DATA →
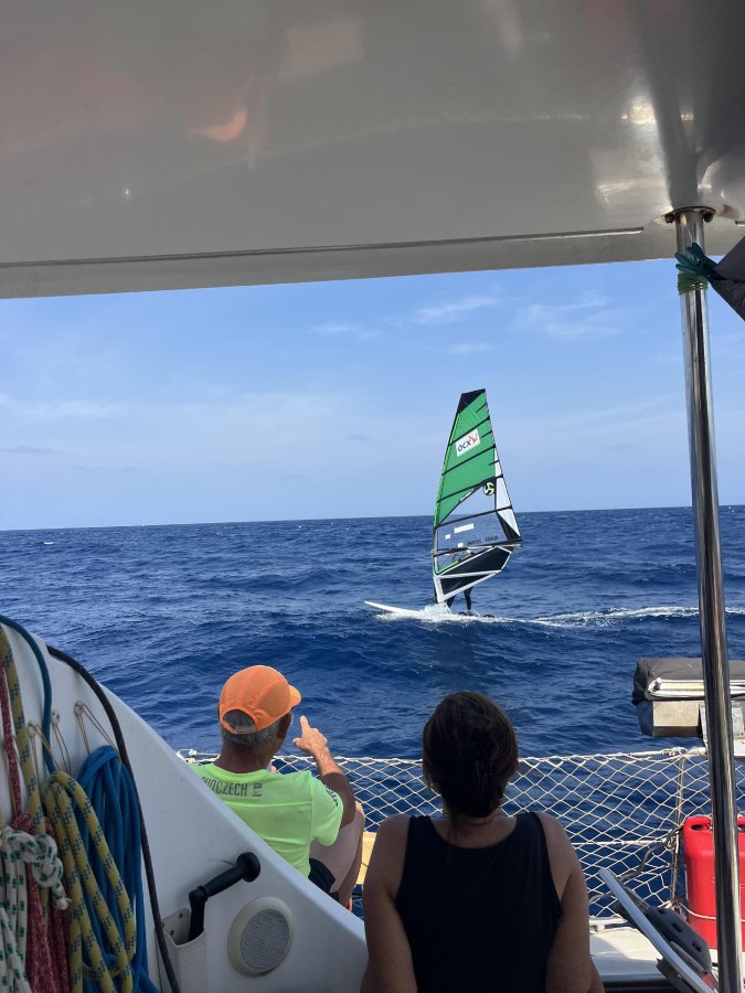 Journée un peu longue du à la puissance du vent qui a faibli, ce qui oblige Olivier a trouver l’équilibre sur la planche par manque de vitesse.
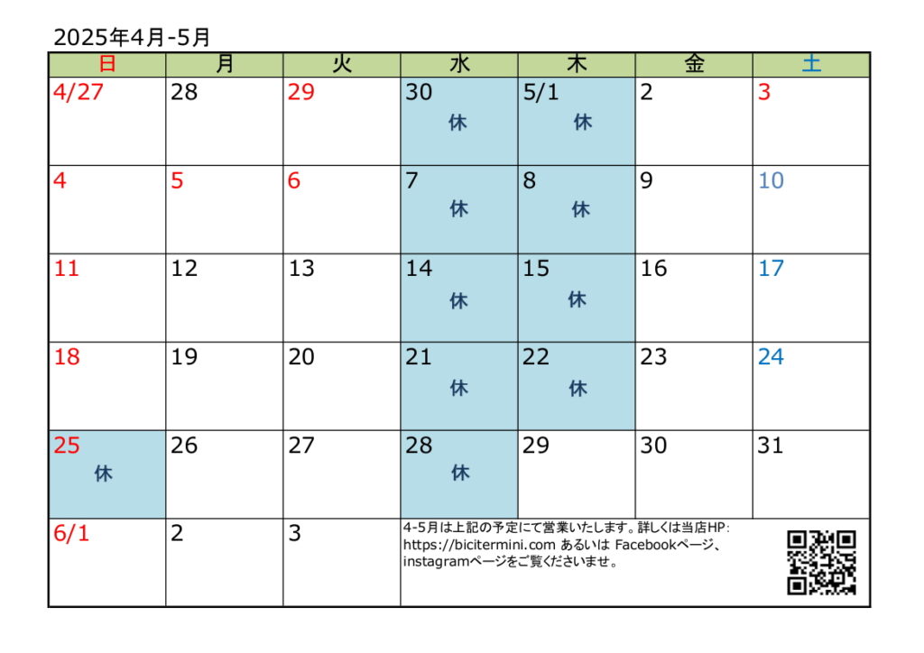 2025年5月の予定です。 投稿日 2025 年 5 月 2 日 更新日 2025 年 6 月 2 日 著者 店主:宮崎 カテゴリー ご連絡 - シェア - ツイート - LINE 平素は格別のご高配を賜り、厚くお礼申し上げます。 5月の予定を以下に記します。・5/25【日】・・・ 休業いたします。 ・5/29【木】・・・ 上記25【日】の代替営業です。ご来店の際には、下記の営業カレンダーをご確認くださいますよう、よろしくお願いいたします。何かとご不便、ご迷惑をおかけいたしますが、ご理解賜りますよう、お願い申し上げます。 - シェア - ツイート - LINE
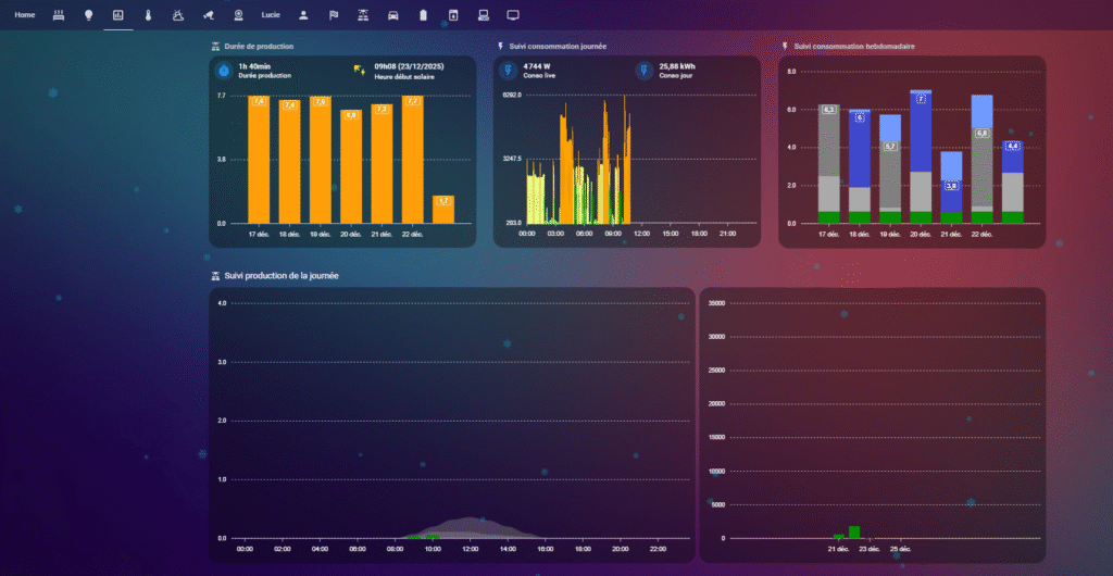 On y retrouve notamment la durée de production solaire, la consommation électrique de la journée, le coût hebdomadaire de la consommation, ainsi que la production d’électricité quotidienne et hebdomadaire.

---

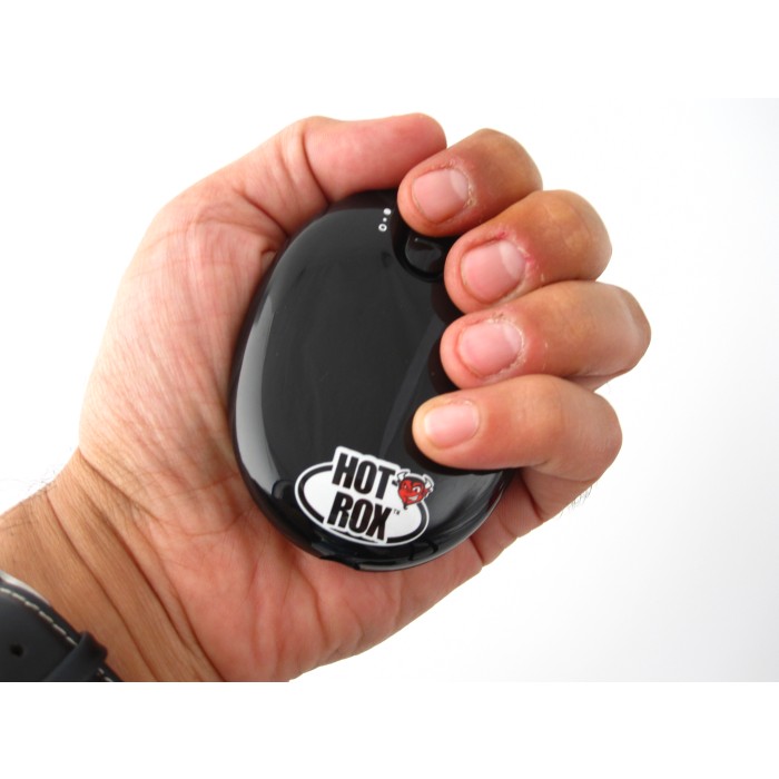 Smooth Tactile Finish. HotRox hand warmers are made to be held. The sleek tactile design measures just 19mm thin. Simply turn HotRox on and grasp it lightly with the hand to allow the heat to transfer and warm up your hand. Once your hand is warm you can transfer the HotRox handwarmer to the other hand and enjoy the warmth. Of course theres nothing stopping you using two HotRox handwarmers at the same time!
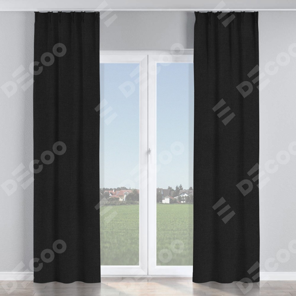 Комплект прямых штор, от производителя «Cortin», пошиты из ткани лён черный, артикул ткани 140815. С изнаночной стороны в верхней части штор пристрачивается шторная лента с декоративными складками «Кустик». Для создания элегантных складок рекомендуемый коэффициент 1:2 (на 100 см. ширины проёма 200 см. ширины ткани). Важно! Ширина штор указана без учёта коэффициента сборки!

TASK PROMPT →
Using the data above, set down each line from the line with "Journée un peu" to the line with "2025年5月の予定です。 投稿日 2025" exactly, both ends included, and leave the pictures behind. Nothing else belongs.

ANSWER SPACE →
 Journée un peu longue du à la puissance du vent qui a faibli, ce qui oblige Olivier a trouver l’équilibre sur la planche par manque de vitesse.
 2025年5月の予定です。 投稿日 2025 年 5 月 2 日 更新日 2025 年 6 月 2 日 著者 店主:宮崎 カテゴリー ご連絡 - シェア - ツイート - LINE 平素は格別のご高配を賜り、厚くお礼申し上げます。 5月の予定を以下に記します。・5/25【日】・・・ 休業いたします。 ・5/29【木】・・・ 上記25【日】の代替営業です。ご来店の際には、下記の営業カレンダーをご確認くださいますよう、よろしくお願いいたします。何かとご不便、ご迷惑をおかけいたしますが、ご理解賜りますよう、お願い申し上げます。 - シェア - ツイート - LINE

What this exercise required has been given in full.